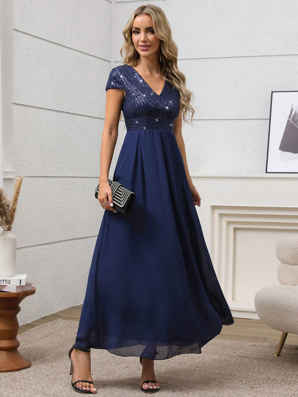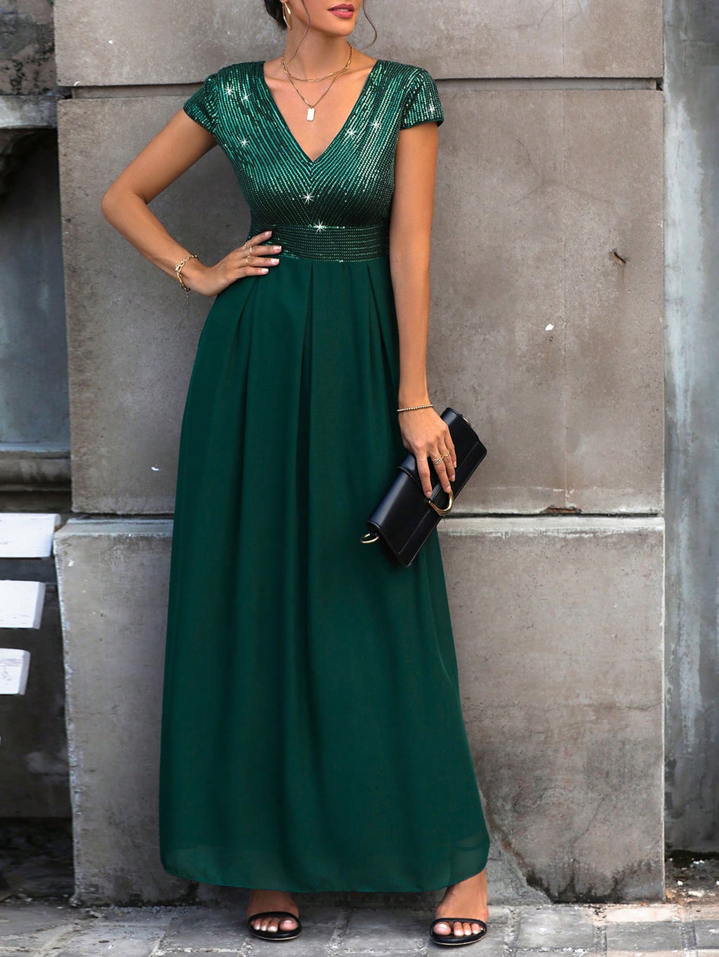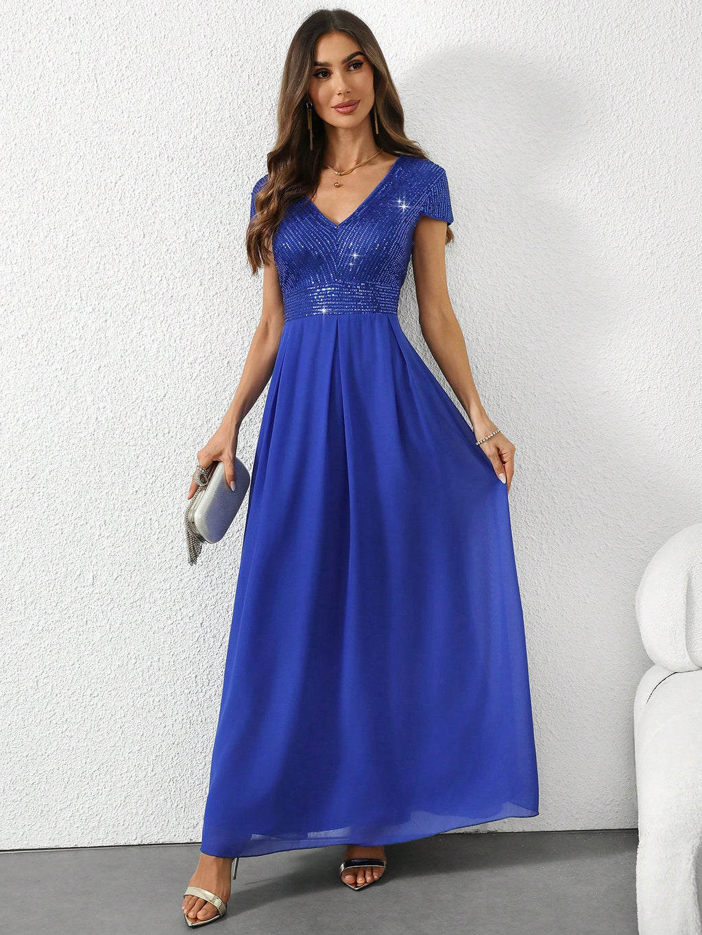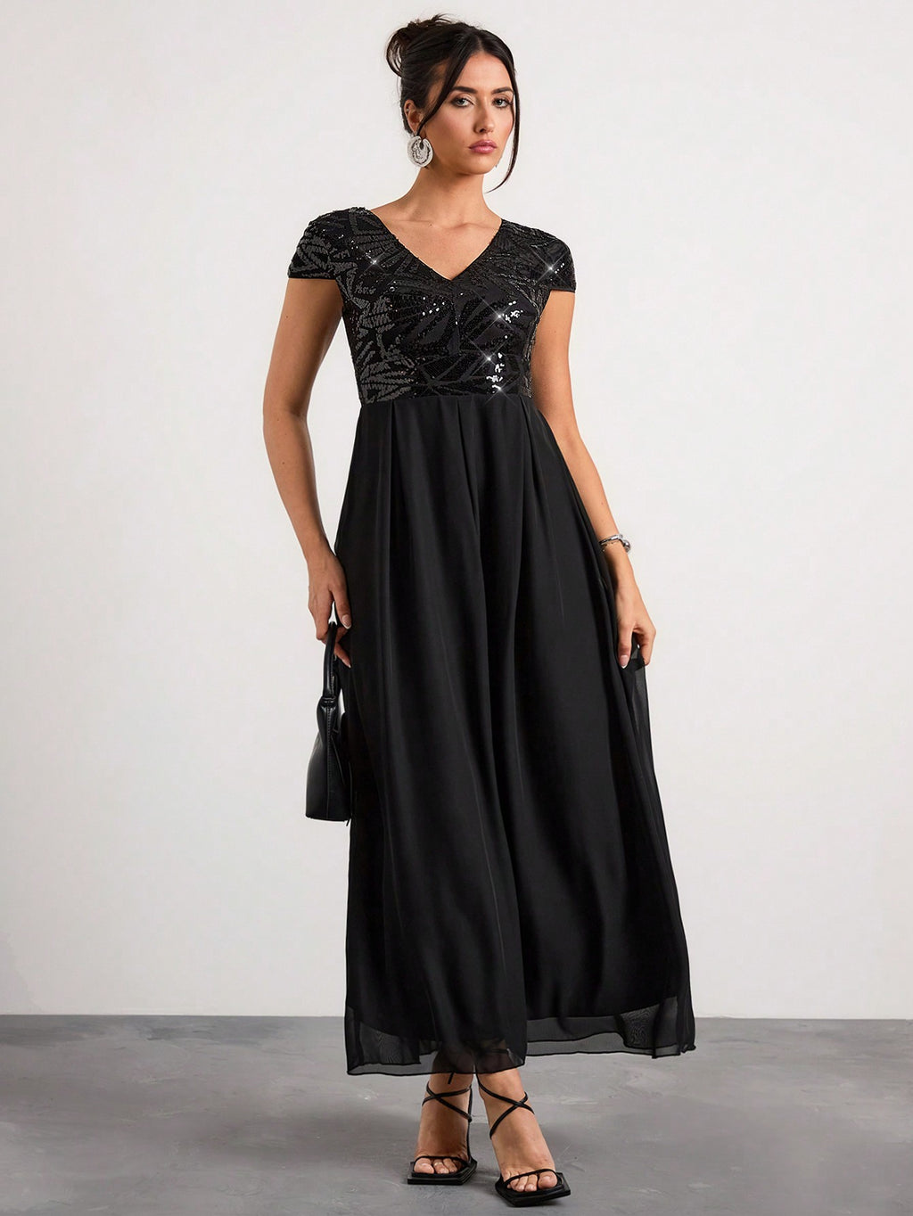 Ženska maksi haljina od šifona s V izrezom i kontrastnim šljokicama BELLAVOG Rafferiza
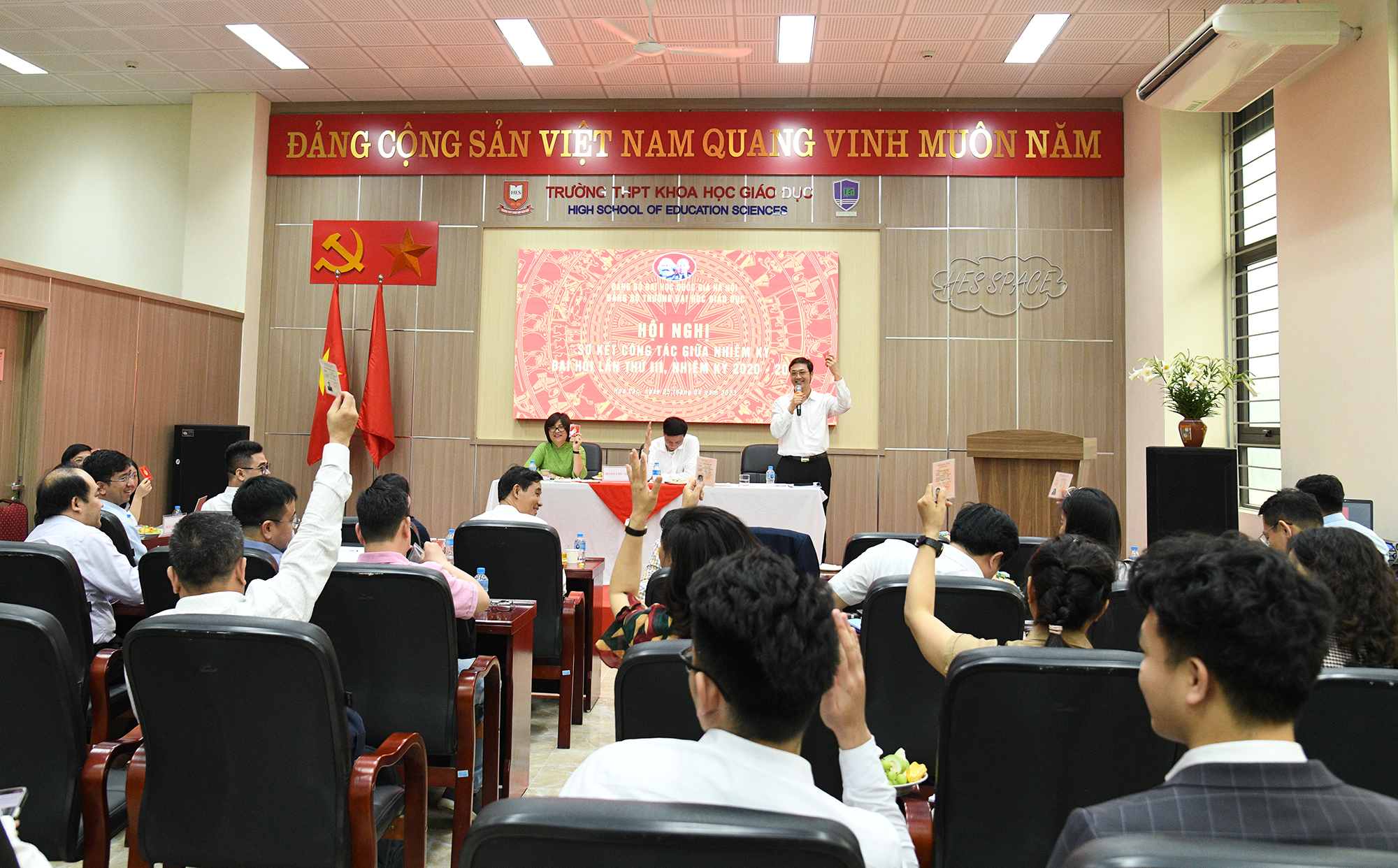 Toàn thể hội nghị cũng đã biểu quyết thông qua dự thảo nghị quyết Hội nghị sơ kết giữa nhiệm kỳ Đại hội Đảng bộ Trường ĐH Giáo dục lần thứ III, nhiệm kỳ 2020-2025.
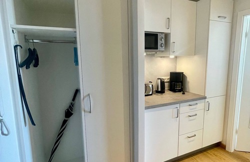 Both apartments were renovated at the beginning of 2024. The Strandkoje apartment (3 people) is on the 4th floor, the Strandblick apartment (2 people) with excellent views of the sea is on the 6th floor of the house. There is an elevator available in the house.
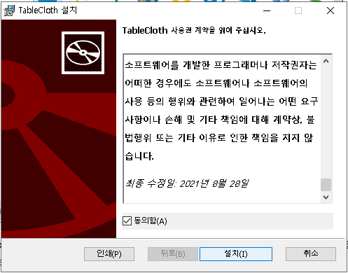 식탁보를 사용 중 발생하는 개인, 기업, 기관의 금전손실, 세금신고 누락 등을 비롯한 어떠한 장애나 손해에 대해서는 사용자 본인에게 책임이 있습니다. 중요한 작업의 경우 반드시 실제 PC 환경에서 사용해야 합니다.
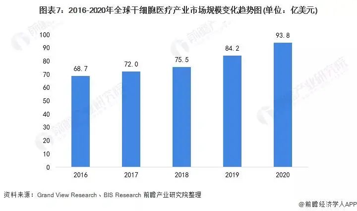 由于干細胞治療廣闊的應用前景,全球干細胞行業(yè)迅猛發(fā)展,市場規(guī)模逐漸擴大。近年來,干細胞研究及應用已成為衡量一個國家生命科學與醫(yī)學發(fā)展的重要指標,許多國家對干細胞研究大力支持。根據國際研究機構Grand View Research的研究數據顯示,全球干細胞市場規(guī)模從2016年的68.7億美元增長到2020年的93.8億美元。與此同時,BIS Research的研究數據顯示,2018年全球干細胞市場規(guī)模為75.54億美元。
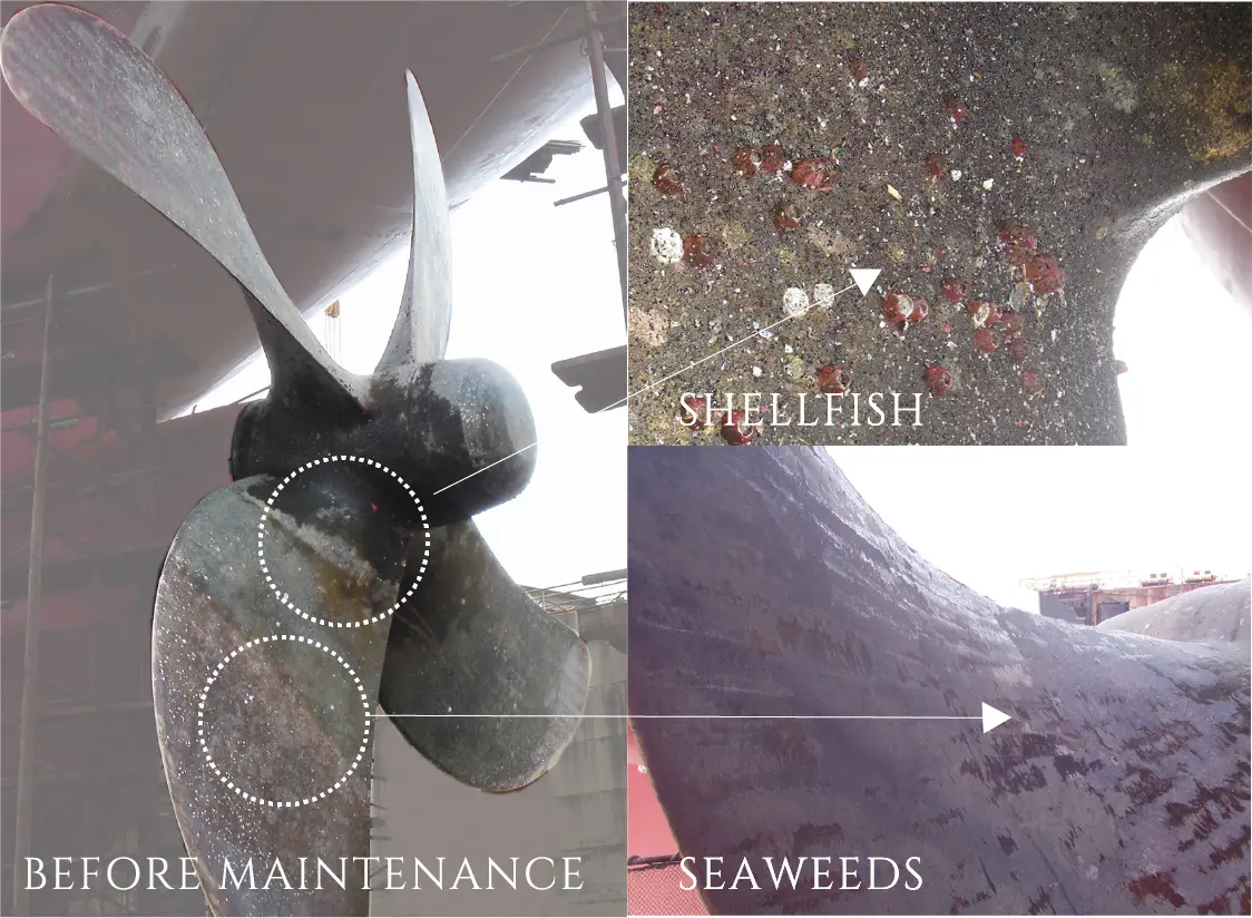 When marine growth accumulates on a propeller’s surface or surface roughness increases due to aging, propeller efficiency lowers and fuel consumption increases. To lower fuel consumption, fuel-saving polishing, where propeller blades are polished to reduce blade roughness, is effective.
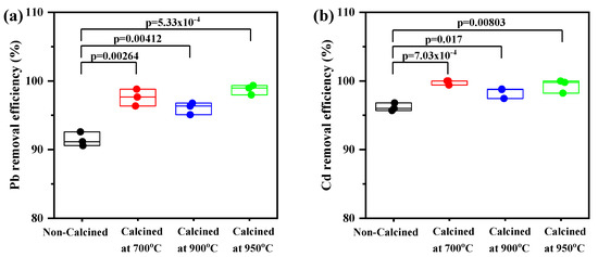 The calcination treatment’s effect on the adsorption of Pb and Cd is presented in Figure 7. There were no statistically significant differences in the Pb removal efficiency when comparing the uncalcined CS at different temperatures; however, significant differences were observed between the uncalcined and calcined CS at 700 °C (p = 0.00264), (c) 900 °C (p = 0.00412), and (d) 950 °C (p = 5.33 × 10−4) (Figure 7a).
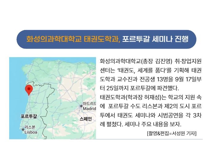 영상 뉴스 화성의과학대 태권도학과, 포르투갈 세미나 서성원 기자 승인 2025.09.26 15:25 0 15 0 태권투데이미디어 서성원 기자 tkdssw@naver.com 서성원 기자의 기사 더보기 저작권자 ⓒ 태권투데이미디어, 무단 전재 및 재배포 금지
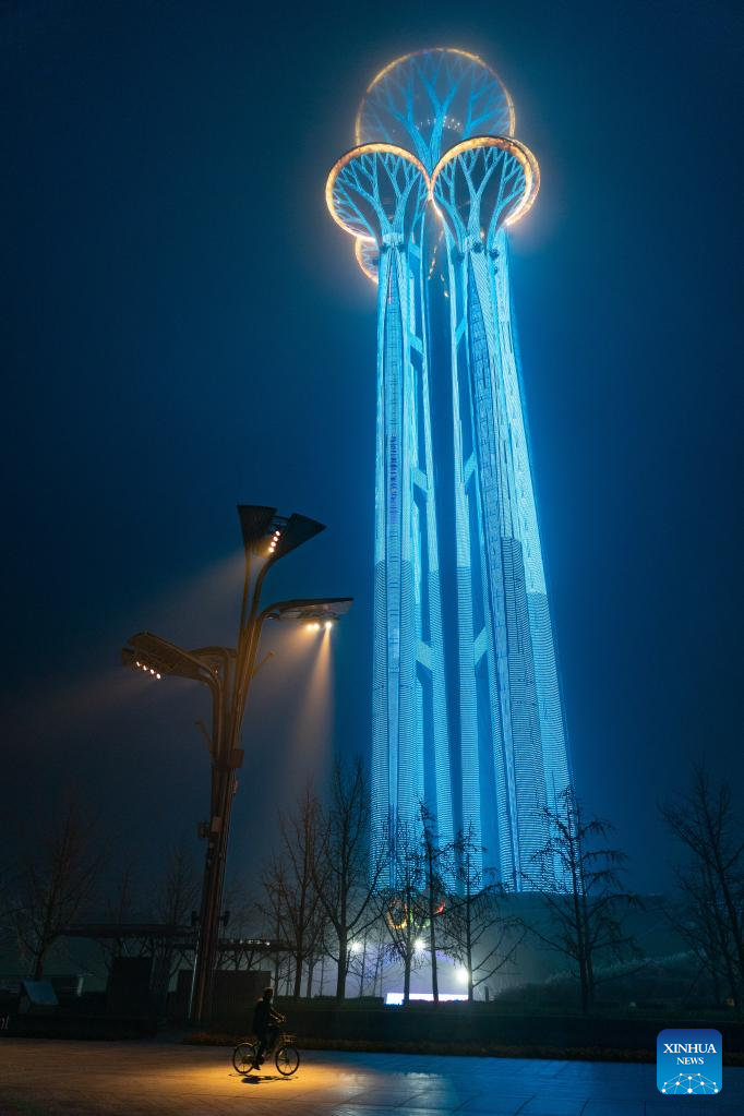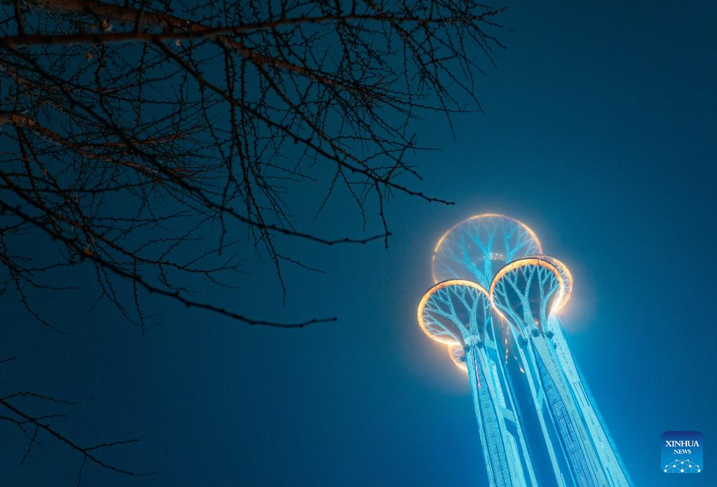 The Beijing Olympic Tower is lit up in blue to celebrate World Children's Day in Beijing, capital of China, Nov. 20, 2022. (Xinhua/Chen Zhonghao)
++++++++
- [WORK TO COMPLETE]
Print exactly the first line of the entries and every line after it through the one that contains "Both apartments were", leaving the pictures out.

- [ANSWER SECTION]
 Ženska maksi haljina od šifona s V izrezom i kontrastnim šljokicama BELLAVOG Rafferiza
 Toàn thể hội nghị cũng đã biểu quyết thông qua dự thảo nghị quyết Hội nghị sơ kết giữa nhiệm kỳ Đại hội Đảng bộ Trường ĐH Giáo dục lần thứ III, nhiệm kỳ 2020-2025.
 Both apartments were renovated at the beginning of 2024. The Strandkoje apartment (3 people) is on the 4th floor, the Strandblick apartment (2 people) with excellent views of the sea is on the 6th floor of the house. There is an elevator available in the house.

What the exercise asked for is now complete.